Nog een verhaal. “Mijn zus Trudy wilde mij wel even wegbrengen naar Piet van Dijk in Enschede. Ik kon daar mijn witte bolide weer ophalen. Er was onder andere een nieuwe achterband gemonteerd. Nog even met de monteur gesproken, geen bijzonderheden. Rijden maar. Mijn zus vroeg of ik haar eerst nog even door Enschede naar de autobaan wilde begeleiden, voordat ik de motor de sporen gaf. Ze stond met mijn auto op het bolle klinkerweggetje voor de deur geparkeerd. Ik wilde mijn eigen auto passeren en de achterkant van de motor gleed, alsof ik op een ijsbaan reed, linksaf. Klabang daar lag ik. Remhendel, spiegel, een partij plastic geknapt, uitlaat beschadigd. Even hulp gevraagd in de werkplaats om de weg weer vrij te maken. ‘Ja zo’n achterband is glad, daar zit een soort conserveermiddel op, zodat het rubber niet wordt aangetast tijdens de opslag’, zei dezelfde monteur die mij drie minuten daarvoor had weggestuurd zonder waarschuwing. Het was de allereerste keer dat ik zoiets hoorde. Ik had wel gezien dat hij de grote sticker met merk en specificaties, over de hele breedte van de band had laten zitten Waarom? Weet ik veel. Ik weet wel dat ik met zo’n band anders die valpartij een paar minuten later zou hebben beleefd. Bij het begin van de autobaan, met toen nog de brede haakse bocht bij de Grolsch fabriek, zou ik mijn zus wel eens even had laten zien hoe plat ik daardoor heen kon, met mijn spekgladde achterbandje. Ik moet er niet aan denken hoe ik door die gladde band volledig in de kreukels onder de vangrail had gezeten.”


De conclusie was dat Jos na de chopper geen sportmotor meer wilde aanschaffen. De schade laten repareren voelde ook niet goed na zo’n klapper.
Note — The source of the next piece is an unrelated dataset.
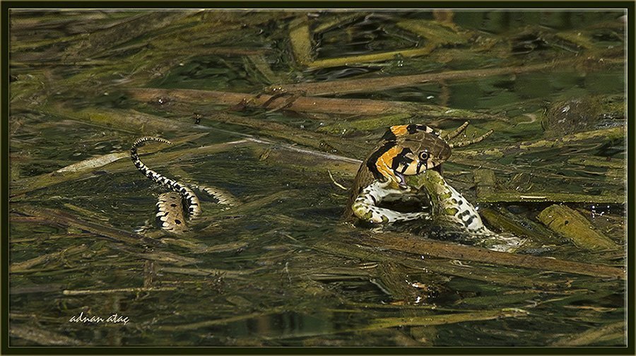 Su yılanı – Natrix tessellata (Ankara 2014) Kurbağa yerken

Hij polste zijn vader. Die was gangmaker af en had geen wensen. Dagelijks werd hij door lichamelijke klachten (oorsuizen, duizelingen) nog herinnerd aan de valpartij en hij stapte voor geen geld meer op een motor. “Dus Lampekap werd verstandig”, glimlacht Jos. “Het hoeft allemaal niet zo snel meer. Ik wilde gaan toeren en schafte een Honda Goldwing aan. Prachtding, 1200 cc, radio, cruise control, luchtvering, intercom. Super relaxed, ideale reismotor. Even naar de motorrace in Franchorchamps?”
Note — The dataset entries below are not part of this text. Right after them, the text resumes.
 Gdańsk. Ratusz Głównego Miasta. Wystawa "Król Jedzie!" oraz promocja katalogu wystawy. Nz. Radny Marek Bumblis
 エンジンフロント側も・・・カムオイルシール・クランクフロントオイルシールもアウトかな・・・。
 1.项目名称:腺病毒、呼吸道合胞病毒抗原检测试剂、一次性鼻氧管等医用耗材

Op een dag liet hij zich in Oldenzaal door Willie Wissink even masseren. Daarna zou hij om 3 uur even bij zijn vader langsgaan voor een bakkie koffie. Jos: “Ik was aan de late kant, dus direct ver vooruit kijkend op de rondweg had ik al een aantal inhaalmomenten gepland. Die auto’s daar, dan die vrachtwagen en voor de tunnel kon ik nog even langs dat busje. Maar ik had nog met een sportmotor-kijk gescand en nu reed ik op een logge zware Goldwing. Bovendien dook onverhoeds een rijstrook brede verhoging c.q. vluchtheuvel op waarvan ik vooraf dacht dat ik daar kon inhalen. Daar tegenaan rijden met die snelheid zou een superjump betekenen met veel schade aan mens en machine. Ik moest plots op die ene rijstrook waar het busje al bijna was gearriveerd en die ik met +130 km/u snel naderde. Op het laatste moment keken de chauffeur van het Cogas VW-busje en ik elkaar in de ogen. Maximaal afremmend kwam ik steeds dichter bij de vluchtheuvel en het busje. Naast elkaar pasten we precies strak op die rijbaan, maar al remmend kwam de verchroomde beugel rond mijn motorblok tegen een zijgedeelte van zijn bumper. Nog steeds remmend knapte dat gedeelte af, reed de bus mij voorbij waardoor ik direct gigantisch naar rechts zwiepte. Met een paar correcties kon ik de ik motor net op de been houden. Wat een geluk weer. Ik was te laat voor de koffie bij pa en heb hem maar niets over het voorval verteld.”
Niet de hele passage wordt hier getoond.